_Directions for this task_
Starting from the line with "中鐵建重慶軌道交通15號(h" and going up to and including the line with "Finned heating elements", copy the listing below exactly. Leave all images out.

╭─ Data extract

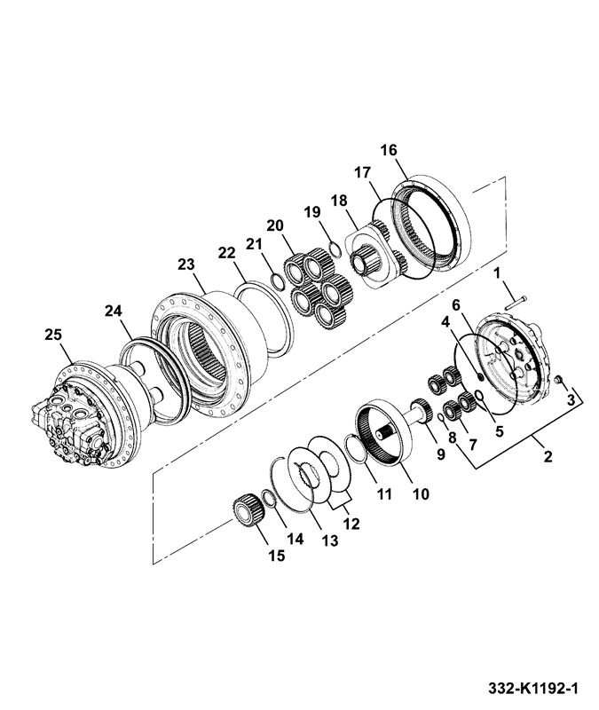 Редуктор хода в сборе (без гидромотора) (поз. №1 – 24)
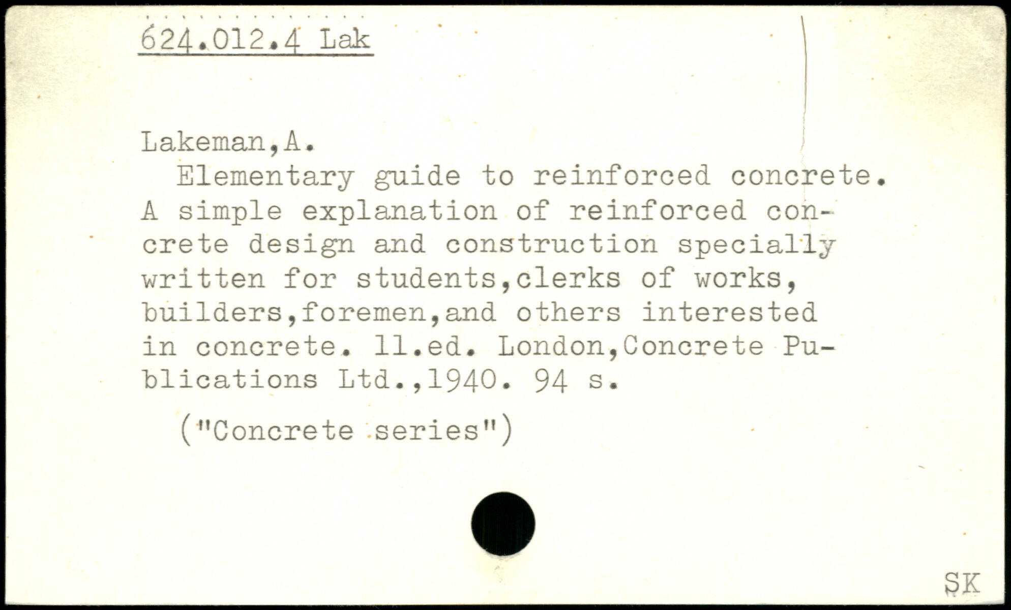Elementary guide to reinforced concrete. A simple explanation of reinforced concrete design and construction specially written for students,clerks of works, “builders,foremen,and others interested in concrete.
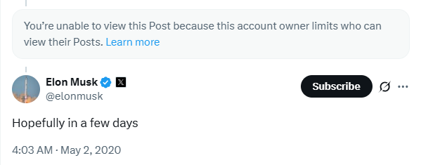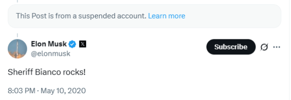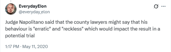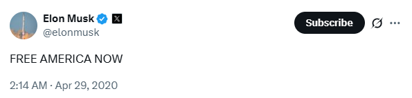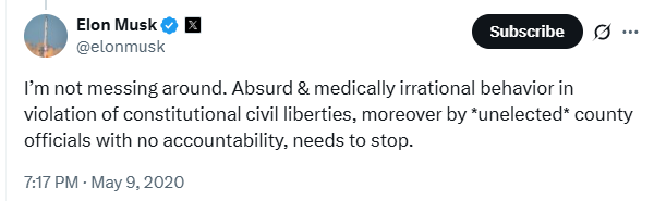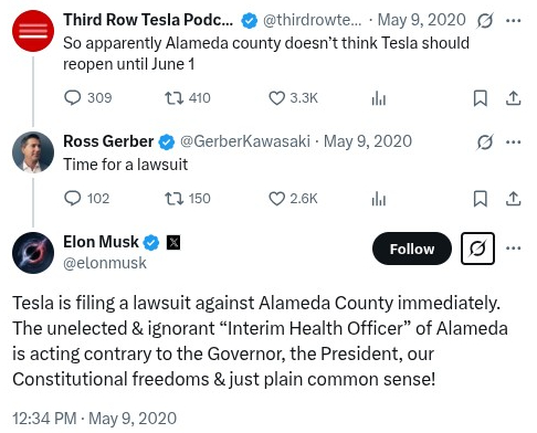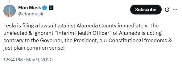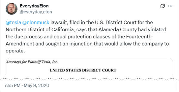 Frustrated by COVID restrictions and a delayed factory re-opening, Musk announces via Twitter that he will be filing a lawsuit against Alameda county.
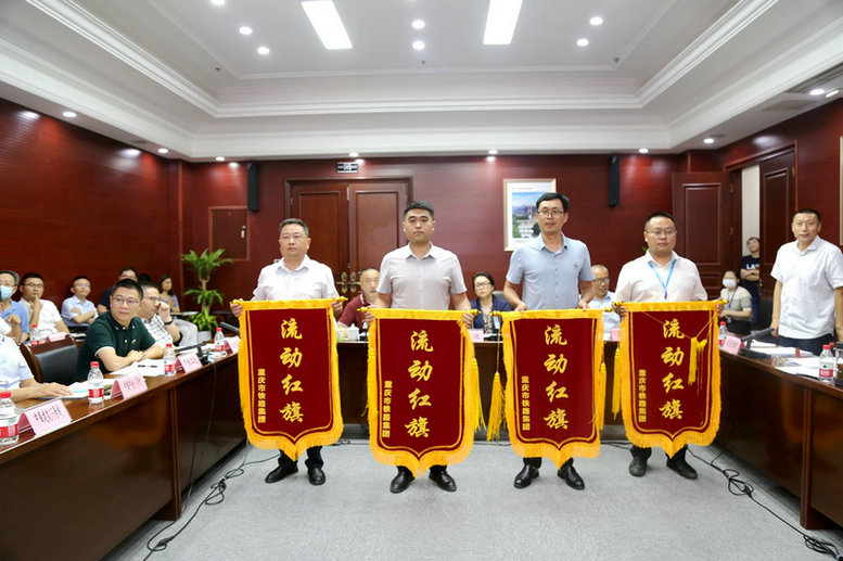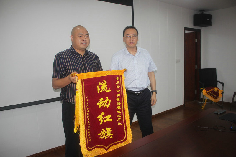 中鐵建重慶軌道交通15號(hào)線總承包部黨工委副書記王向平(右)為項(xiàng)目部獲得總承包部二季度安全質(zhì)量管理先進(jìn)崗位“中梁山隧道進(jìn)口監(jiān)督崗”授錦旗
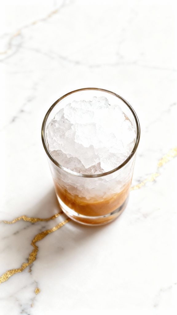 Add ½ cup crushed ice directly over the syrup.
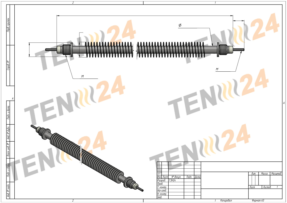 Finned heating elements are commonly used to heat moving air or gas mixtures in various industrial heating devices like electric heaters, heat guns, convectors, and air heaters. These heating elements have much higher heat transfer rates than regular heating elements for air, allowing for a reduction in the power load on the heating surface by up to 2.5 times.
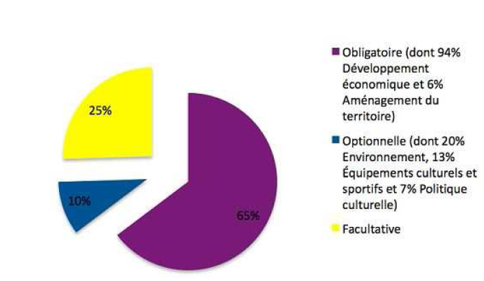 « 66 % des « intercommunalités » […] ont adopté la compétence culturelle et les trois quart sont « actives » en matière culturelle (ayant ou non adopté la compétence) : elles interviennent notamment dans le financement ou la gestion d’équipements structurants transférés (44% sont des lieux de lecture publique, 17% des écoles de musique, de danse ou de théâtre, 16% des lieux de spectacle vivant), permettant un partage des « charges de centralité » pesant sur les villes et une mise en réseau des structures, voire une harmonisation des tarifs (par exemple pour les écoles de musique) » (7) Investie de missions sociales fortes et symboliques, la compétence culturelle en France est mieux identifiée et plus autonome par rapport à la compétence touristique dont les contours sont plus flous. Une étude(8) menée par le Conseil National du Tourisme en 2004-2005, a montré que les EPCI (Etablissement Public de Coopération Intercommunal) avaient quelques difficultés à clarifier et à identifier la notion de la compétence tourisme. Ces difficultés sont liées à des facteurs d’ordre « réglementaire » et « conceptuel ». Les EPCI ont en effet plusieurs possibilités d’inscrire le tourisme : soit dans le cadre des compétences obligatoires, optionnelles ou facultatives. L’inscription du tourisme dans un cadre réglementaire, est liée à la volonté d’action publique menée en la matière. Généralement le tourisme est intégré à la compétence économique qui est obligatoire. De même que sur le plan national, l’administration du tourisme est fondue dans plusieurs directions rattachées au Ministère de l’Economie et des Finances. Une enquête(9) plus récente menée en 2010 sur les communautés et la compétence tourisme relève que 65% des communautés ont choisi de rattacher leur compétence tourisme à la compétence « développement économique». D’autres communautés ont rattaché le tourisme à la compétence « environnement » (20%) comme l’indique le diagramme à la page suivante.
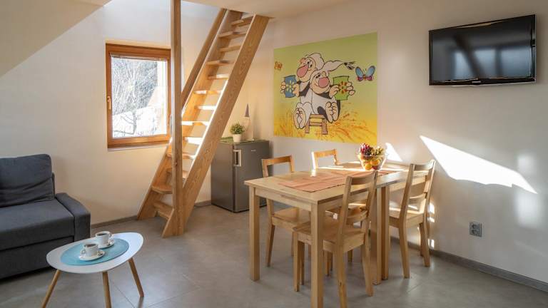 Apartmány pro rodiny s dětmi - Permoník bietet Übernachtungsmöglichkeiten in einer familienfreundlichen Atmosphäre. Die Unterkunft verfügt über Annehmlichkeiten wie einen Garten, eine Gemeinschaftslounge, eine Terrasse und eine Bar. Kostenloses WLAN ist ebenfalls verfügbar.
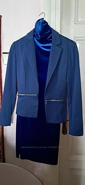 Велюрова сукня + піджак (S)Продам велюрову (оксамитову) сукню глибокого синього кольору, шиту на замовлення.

╰─
╭─ Data extract

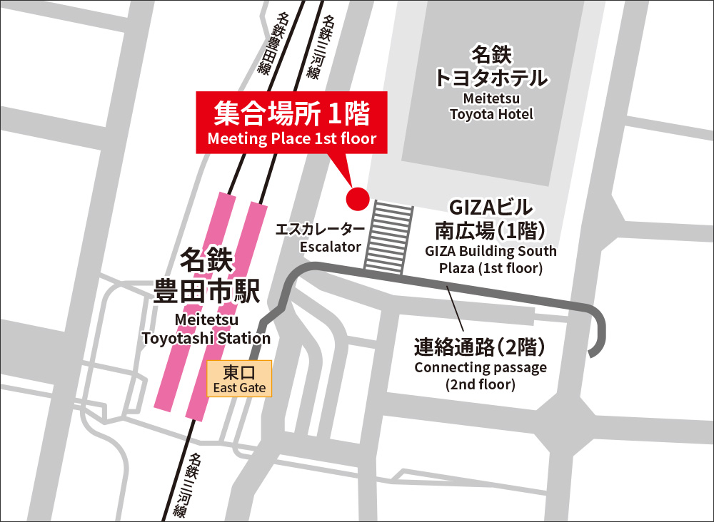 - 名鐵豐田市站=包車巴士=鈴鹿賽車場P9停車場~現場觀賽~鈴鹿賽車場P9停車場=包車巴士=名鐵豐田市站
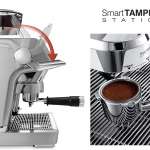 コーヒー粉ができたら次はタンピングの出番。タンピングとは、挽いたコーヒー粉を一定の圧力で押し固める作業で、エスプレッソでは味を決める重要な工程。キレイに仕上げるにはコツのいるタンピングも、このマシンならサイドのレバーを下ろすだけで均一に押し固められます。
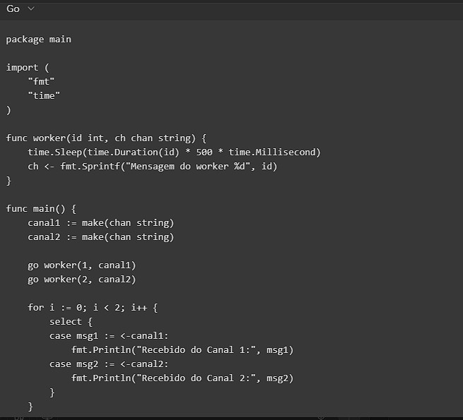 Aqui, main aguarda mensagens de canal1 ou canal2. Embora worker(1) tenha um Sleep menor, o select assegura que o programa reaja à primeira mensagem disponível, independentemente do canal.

╰─

_Your response_
 中鐵建重慶軌道交通15號(hào)線總承包部黨工委副書記王向平(右)為項(xiàng)目部獲得總承包部二季度安全質(zhì)量管理先進(jìn)崗位“中梁山隧道進(jìn)口監(jiān)督崗”授錦旗
 Add ½ cup crushed ice directly over the syrup.
 Finned heating elements are commonly used to heat moving air or gas mixtures in various industrial heating devices like electric heaters, heat guns, convectors, and air heaters. These heating elements have much higher heat transfer rates than regular heating elements for air, allowing for a reduction in the power load on the heating surface by up to 2.5 times.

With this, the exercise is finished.